Influence of axial loads on the behavior of lightweight precast shear wall joints under cyclic loading
摘要
Lightweight precast shear walls with advanced connection mechanisms offer promising solutions for sustainable and resilient construction. This study evaluates the seismic performance of lightweight Dual Connection Shear Wall systems (DCSWs) incorporating hybrid coupler mechanisms, combining full-grouted vertical anchorage with horizontally oriented threaded continuity. The lightweight concrete matrix utilized 40% areca nut shell aggregate replacement and 1% jute fiber reinforcement, reducing self-weight while enhancing crack-bridging capacity. Experimental cyclic loading tests under varying axial load ratios (0.01–0·04Agfck) demonstrated that axial load significantly influences strength, ductility, energy dissipation, and stiffness degradation.
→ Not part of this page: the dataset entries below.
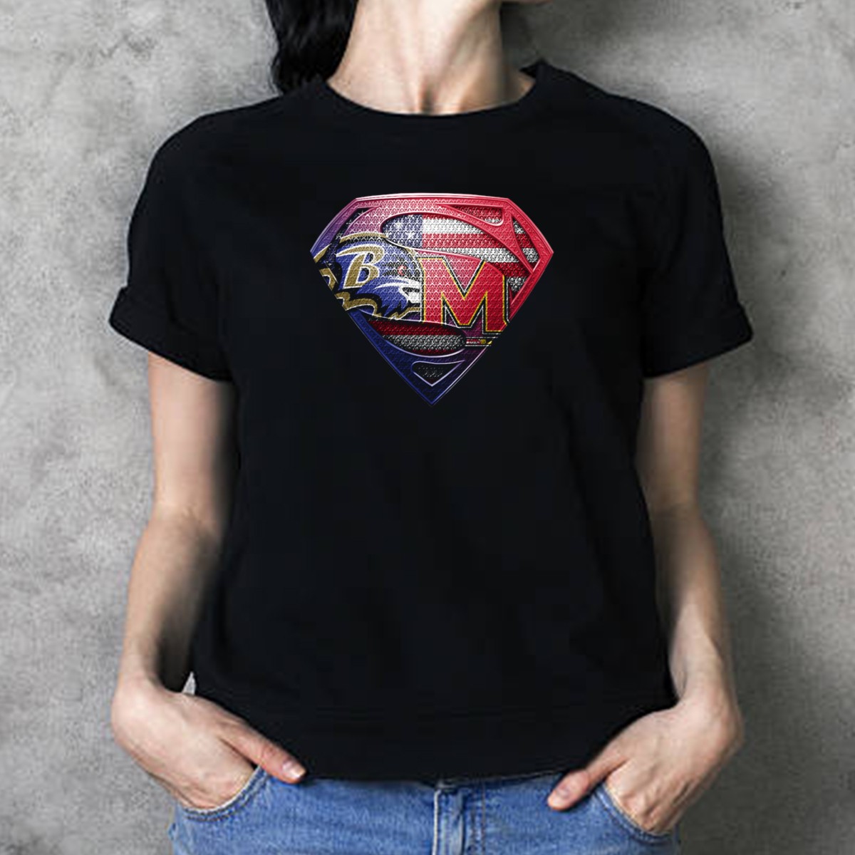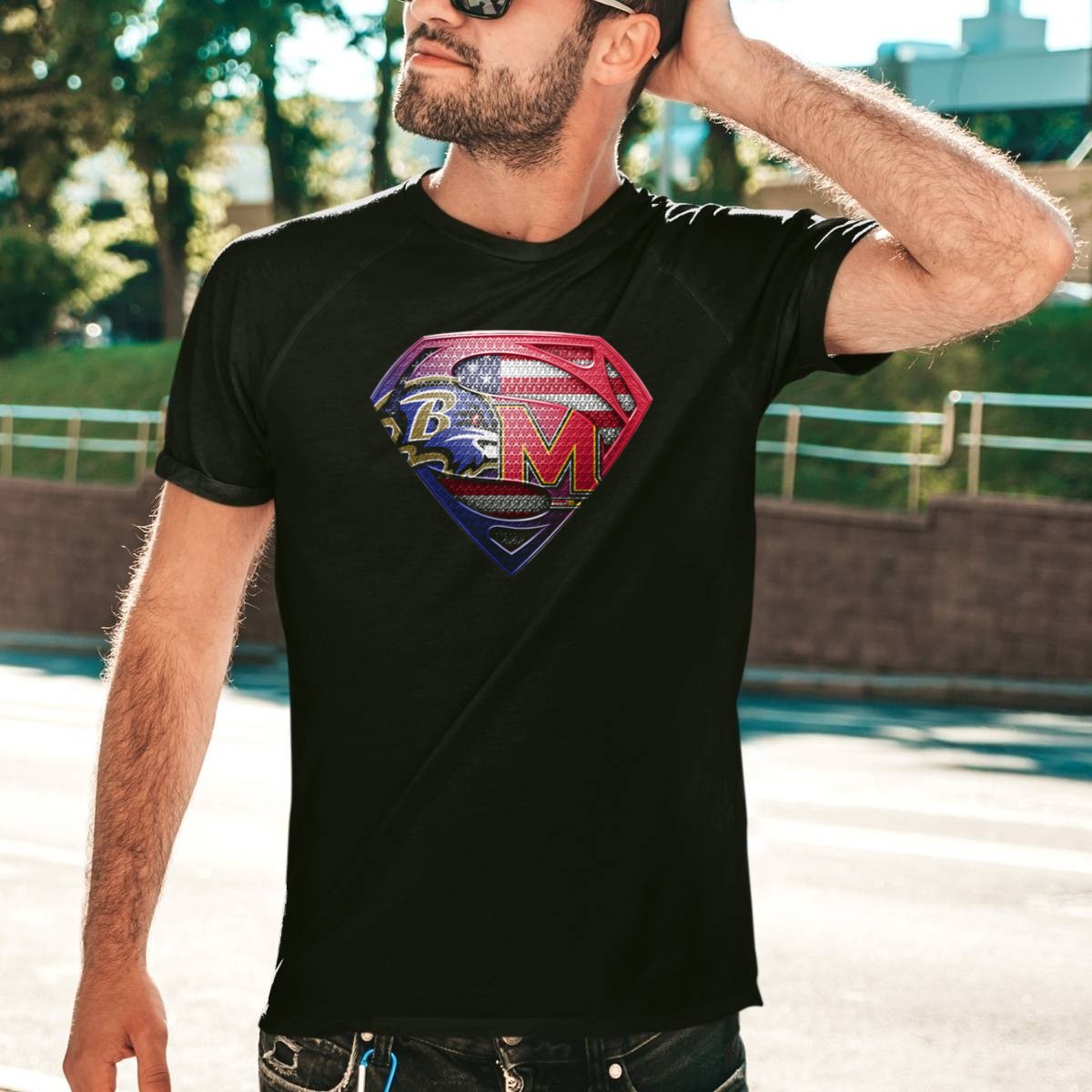 Show off your team spirit with this Baltimore Ravens Maryland Terrapins Superman Logo American Flag T-Shirt! Perfect for die-hard fans and casual wearers alike, this shirt combines a bold design that pays homage to your favorite teams with a patriotic twist. Ideal for game days, themed events, or just hanging out with friends, this fan-made tee is a unique addition to any wardrobe, proudly printed in the USA.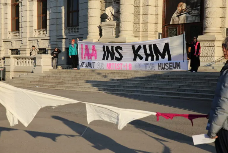 Protestkundgebung vor dem Kunsthistorischen Museum: Künstler:innen fordern freien Eintritt mit IAA-Ausweis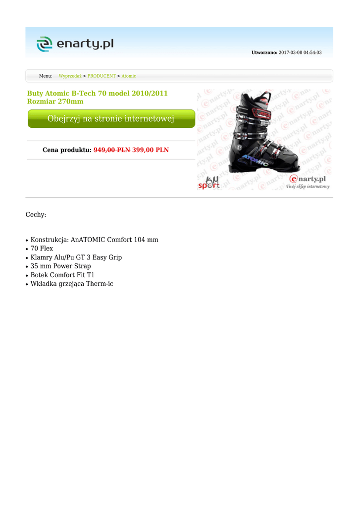 Utworzono: 2017-03-08 04:54:03 Menu: Wyprzedaż > PRODUCENT > Atomic Buty Atomic B-Tech 70 model 2010/2011 Rozmiar 270mm Obejrzyj na stronie internetowej Cena produktu: 949,00 PLN 399,00 PLN Cechy: ● ● ● ● ● ● Konstrukcja: AnATOMIC Comfort 104 mm 70 Flex Klamry Alu/Pu GT 3 Easy Grip 35 mm Power Strap Botek Comfort Fit T1 Wkładka grzejąca Therm-ic Przeznaczenie Typ Męskie Twardość buta (flex) Producent Kolor Adres: www.erowery.pl [email protected] Allmountain - rekreacja 70 Atomic Czarny_#000000 Adres: www.enarty.pl Telefon: 605 515 185, 34 361 16 71 Email: [email protected] Email: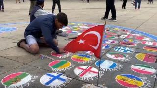 Almanya'da ülke bayraklarını yere çizen sanatçı Türk bayrağını asmayı tercih ediyor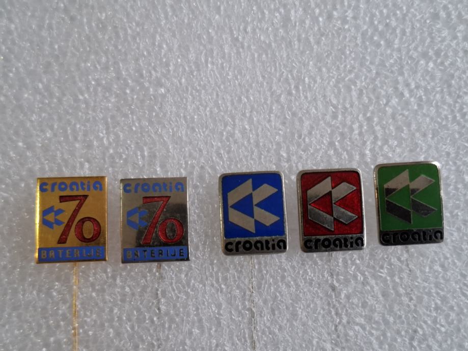 Značke - CROATIA - Baterije. Pet komada - emajlirane. Mob

At 0·03Agfck, the wall exhibited optimal seismic behavior with a peak load of 90.46 kN, ductility of 8.6, and cumulative energy dissipation of 92.72 kN-mm, characterized by fuller hysteresis loops and uniform crack distribution. Higher axial compression at 0·04Agfck increased peak load to 100.95 kN but reduced ductility to 8.52 and energy dissipation to 71.02 kN-mm, highlighting the trade-off between strength gain and brittle failure risk. Strain measurements indicated that full-grouted couplers at the base sustained peak strains of 0.0017–0.0018, ensuring anchorage continuity, while horizontal threaded couplers reached 0.0013–0.0015, enabling effective stress transfer and controlled deformability.